Apple Inc. Notes to Condensed Consolidated Financial Statements (Unaudited) Note 1 – Summary of Significant Accounting Policies
Apple Inc. and its wholly-owned subsidiaries (collectively “Apple” or the “Company”) designs, manufactures, and markets mobile communication and media devices, personal computers, and portable digital music players, and sells a variety of related software, services, peripherals, networking solutions, and third-party digital content and applications. The Company sells its products worldwide through its retail stores, online stores, and direct sales force, as well as third-party cellular network carriers, wholesalers, resellers and value-added resellers. In addition, the Company sells a variety of third-party iPhone, iPad, Macintosh (“Mac”), and iPod compatible products including application software, printers, storage devices, speakers, headphones, and various other accessories and supplies through its online and retail stores. The Company sells to consumers, small and mid-sized businesses, education, enterprise and government customers.
Basis of Presentation and Preparation
The accompanying condensed consolidated financial statements include the accounts of the Company. Intercompany accounts and transactions have been eliminated. The preparation of these condensed consolidated financial statements in conformity with U.S. generally accepted accounting principles (“GAAP”) requires management to make estimates and assumptions that affect the amounts reported in these condensed consolidated financial statements and accompanying notes. Actual results could differ materially from those estimates. Certain prior period amounts in the condensed consolidated financial statements and notes thereto have been reclassified to conform to the current period’s presentation.
These condensed consolidated financial statements and accompanying notes should be read in conjunction with the Company’s annual consolidated financial statements and the notes thereto for the fiscal year ended September 25, 2010, included in its Annual Report on Form 10-K (the “2010 Form 10-K”). Unless otherwise stated, references to particular years or quarters refer to the Company’s fiscal years ended in September and the associated quarters of those fiscal years.

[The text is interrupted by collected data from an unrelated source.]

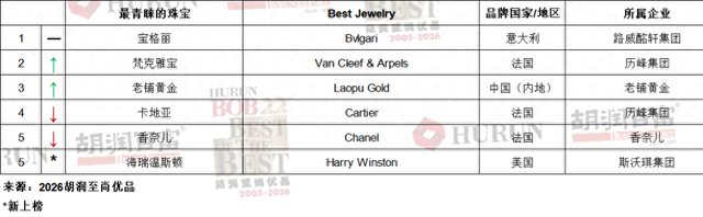 中国品牌新突破 老铺黄金进入胡润榜“最青睐的珠宝”前三名
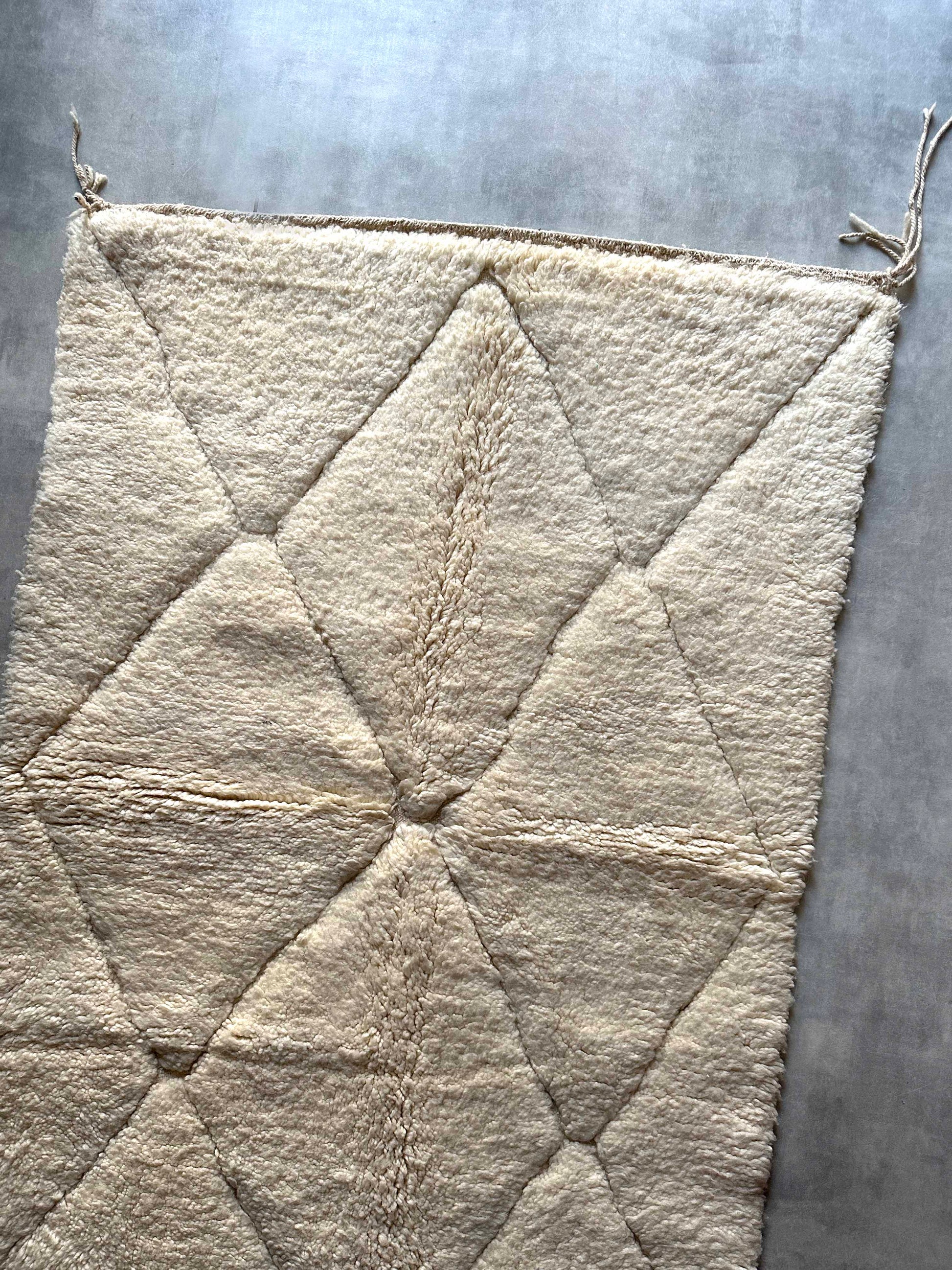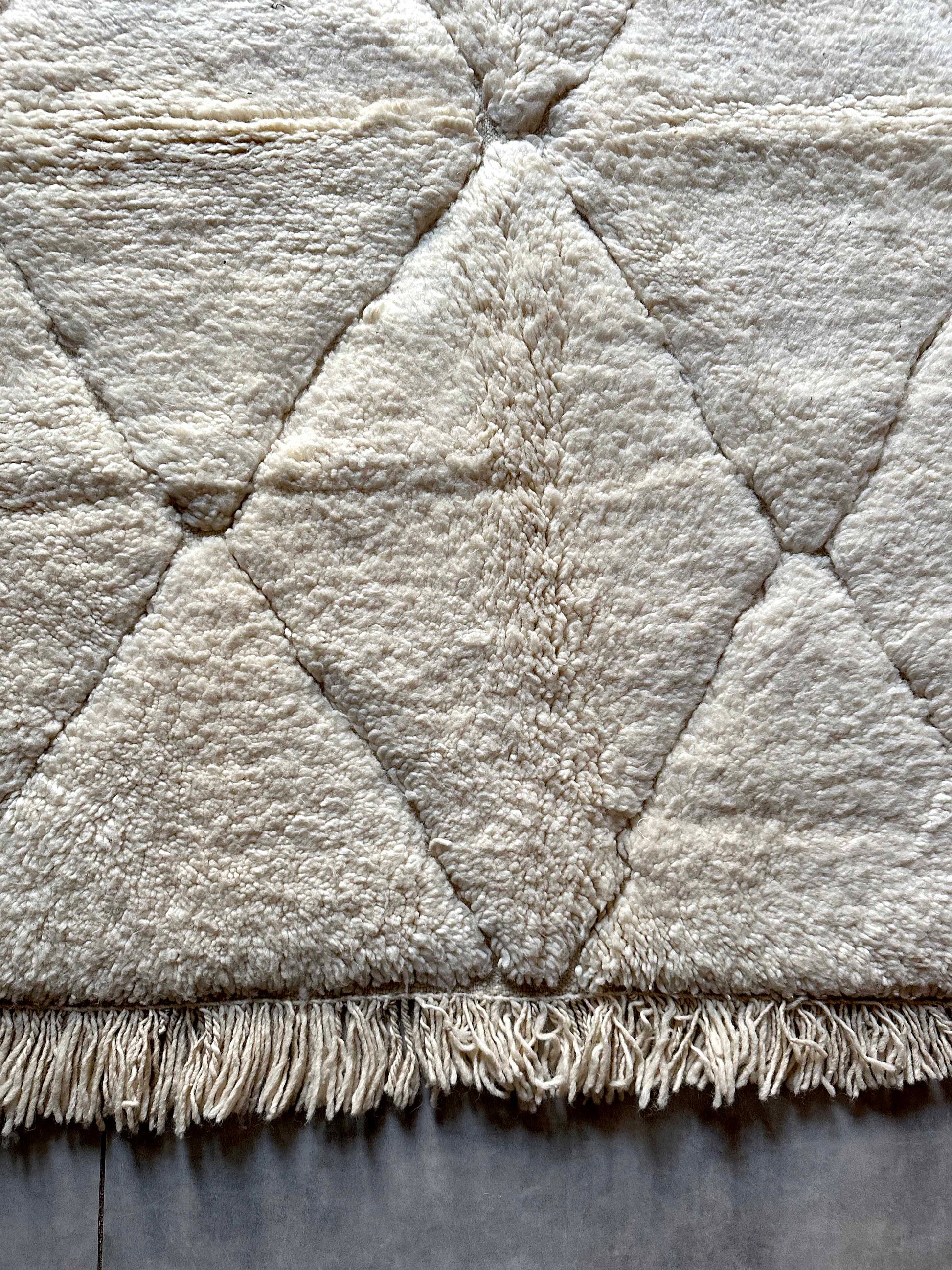 ベニワレンはモロッコのアトラス山脈に住むベルベル人女性によって、一目一目しっかりと結びながら織らているハンドメイドのウールラグです。白を基調とし黒の細いラインで模様が描かれています。触り心地はふわふわと柔らかく長い毛足が特徴です。白を基調としたシンプルなデザインとナチュラルな色合いは、コーディネートの幅も広く他のインテリアとも調和しやすいです。
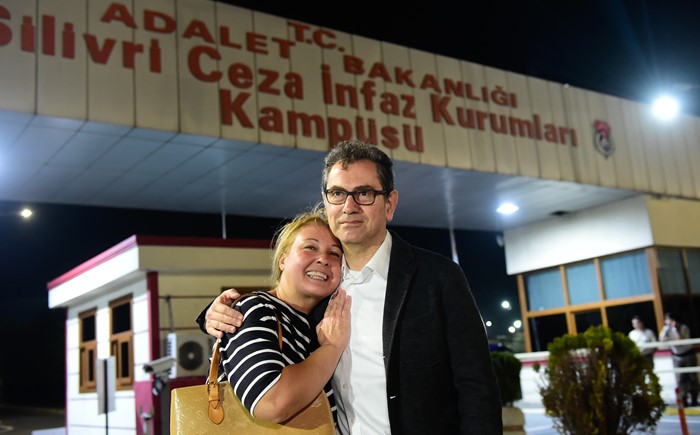 Yazıçı və jurnalist Kadri Gürsel həbsxana önündə xanımı ilə birlikdə.[/caption]

During the first quarter of 2011, the Company adopted the Financial Accounting Standard Board’s (“FASB”) new accounting standard on consolidation of variable interest entities. This new accounting standard eliminates the mandatory quantitative approach in determining control for evaluating whether variable interest entities need to be consolidated in favor of a qualitative analysis, and requires an ongoing reassessment of control over such entities. The adoption of this new accounting standard did not impact the Company’s condensed consolidated financial statements.
Earnings Per Common Share
Basic earnings per common share is computed by dividing income available to common shareholders by the weighted-average number of shares of common stock outstanding during the period. Diluted earnings per common share is computed by dividing income available to common shareholders by the weighted-average number of shares of common stock outstanding during the period increased to include the number of additional shares of common stock that would have been outstanding if the potentially dilutive securities had been issued. Potentially dilutive securities include outstanding options, shares to be purchased under the employee stock purchase plan, and unvested restricted stock units (“RSUs”). The dilutive effect of potentially dilutive securities is reflected in diluted earnings per common share by application of the treasury stock method. Under the treasury stock method, an increase in the fair market value of the Company’s common stock can result in a greater dilutive effect from potentially dilutive securities.